[SALAH] Test Swab COVID-19 dapat Menyebabkan Lapisan Otak Pecah dan Pendarahan Hingga Kematian dan Pernah Terjadi di Kanada

Hasil Periksa Fakta Natalia Kristian (Anggota Komisariat MAFINDO Universitas Indonesia).

Klaim tersebut tidak benar, kejadian tersebut merupakan kejadian langka yang terjadi di Amerika Serikat dan tidak ada gejala seperti pendarahan yang dapat menyebabkan kematian.

= = = = =

KATEGORI: Konten yang Menyesatkan/Misleading Content

= = = = =

SUMBER: Facebook
https://archive.vn/tE5A6

= = = = =

NARASI:

“Uji swab itu kayak gini bosku
Ternyata itu alat uji buat hewan yang idungnya panjang
🙋👍Tebar manfaat baik ya,agar kebaikan balik padamu dan bertemu dengan orang orang baik…”

= = = = =

PENJELASAN:

Beredar postingan dari akun Facebook Sulis Kahfi dengan beberapa tangkapan layar yang berisikan klaim bahwa test swab COVID-19 dapat membuat lapisan otak pecah dan terjadi pendarahan hingga kematian dan pernah terjadi di Kanada. Postingan ini disukai sebanyak 12 kali dan disebarkan kembali sebanyak 1 kali.

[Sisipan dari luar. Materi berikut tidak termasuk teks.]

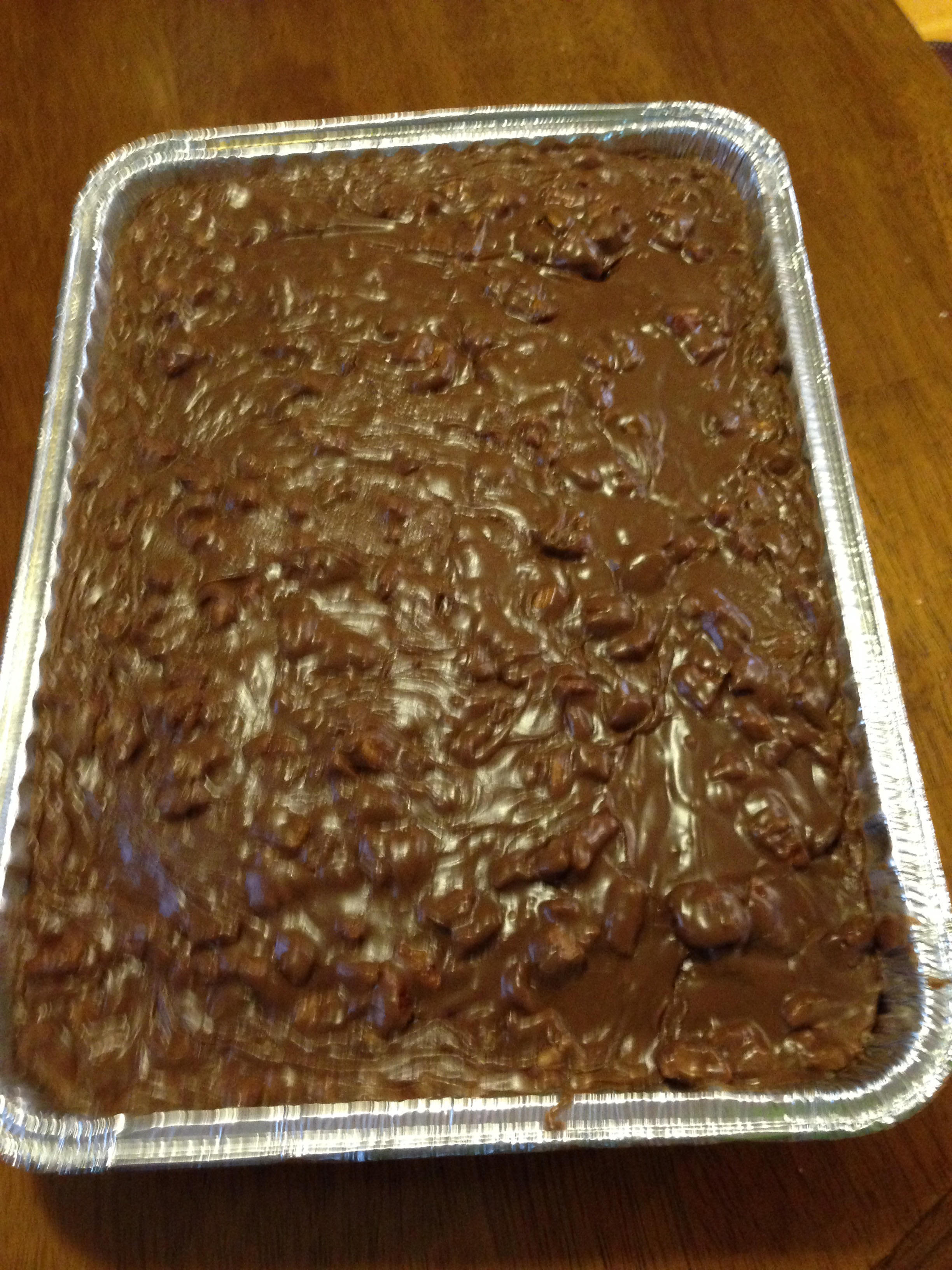 Mix flour and sugar and set aside. Bring oleo, water, oil and cocoa to a boil and pour over flour and sugar. Mix well. Add buttermilk, soda, vanilla and eggs. Bake in a greased 9x13 pan for 30 minutes at 325 degrees. Frost.

Berdasarkan penelusuran terhadap kejadian tersebut mengarah ke sebuah artikel yang berjudul “Alami Kondisi Langka, Tes Swab Covid-19 Membuat Cairan Otak Wanita Ini Bocor” dari kompas.com yang dipublikasi pada 2 Oktober 2020. Seorang wanita di Amerika Serikat yang mengalami kebocoran cairan otak dan mengeluh adanya cairan bening yang keluar dari hidungnya setelah melakukan swab test sehingga menimbulkan resiko infeksi yang mengancam jiwa. Wanita itu ternyata pernah dirawat bertahun-tahun karena hipertensi intrakranial yaitu tekanan yang terlalu tinggi dari cairan serebrospinal yang melindungi otak, diketahui riwayat medisnya memiliki kondisi encephalocele yang menyebabkan cacat pada dasar tengkorak yang membuat lapisan otak yang menonjol ke hidung sehingga rentan pecah.

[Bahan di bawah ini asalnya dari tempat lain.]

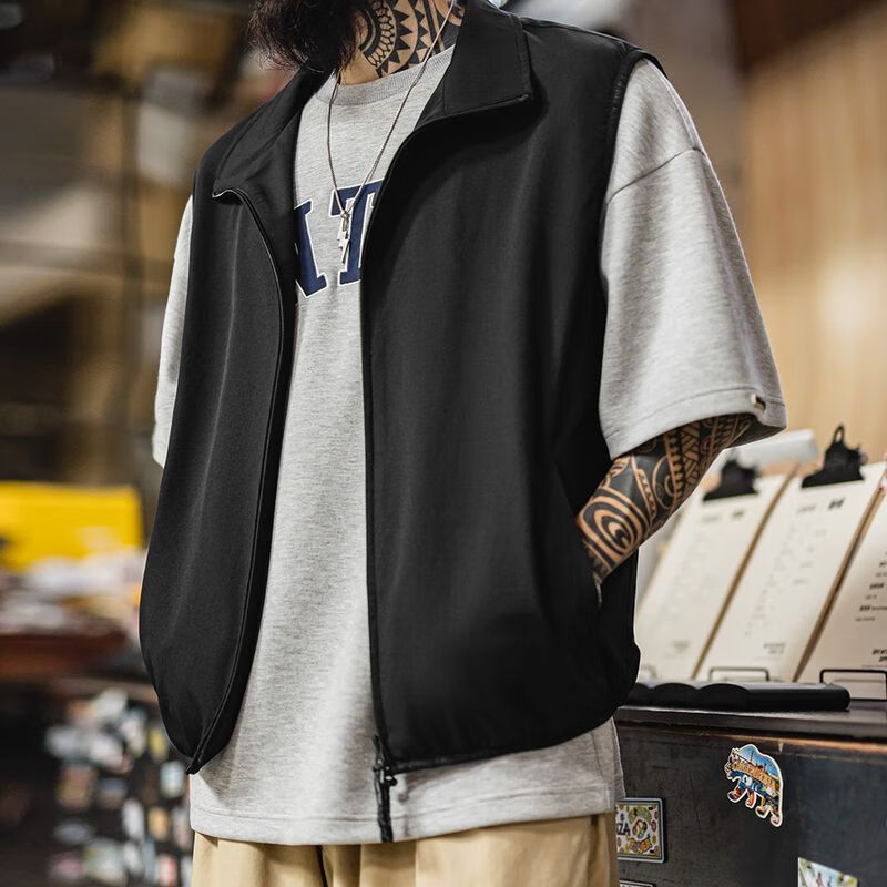 马登工装轻机能户外马甲男开衫立领运动坎肩背心外穿宽松单马夹夏秋 黑色 【双头拉链/夏季男薄款】 L (175)

Walsh sebagai University of Iowa Hospital menjelaskan bahwa kejadian ini sangat langka dan perlunya pelatihan pengujian berkualitas tinggi mengingat pentingnya swab test COVID-19 yang akan dilakukan hingga pandemi berakhir. Dapat disimpulkan kejadian ini terjadi di Amerika Serikat bukan Kanada dan tidak adanya pendarahan yang dapat menyebabkan kematian disebabkan oleh swab test.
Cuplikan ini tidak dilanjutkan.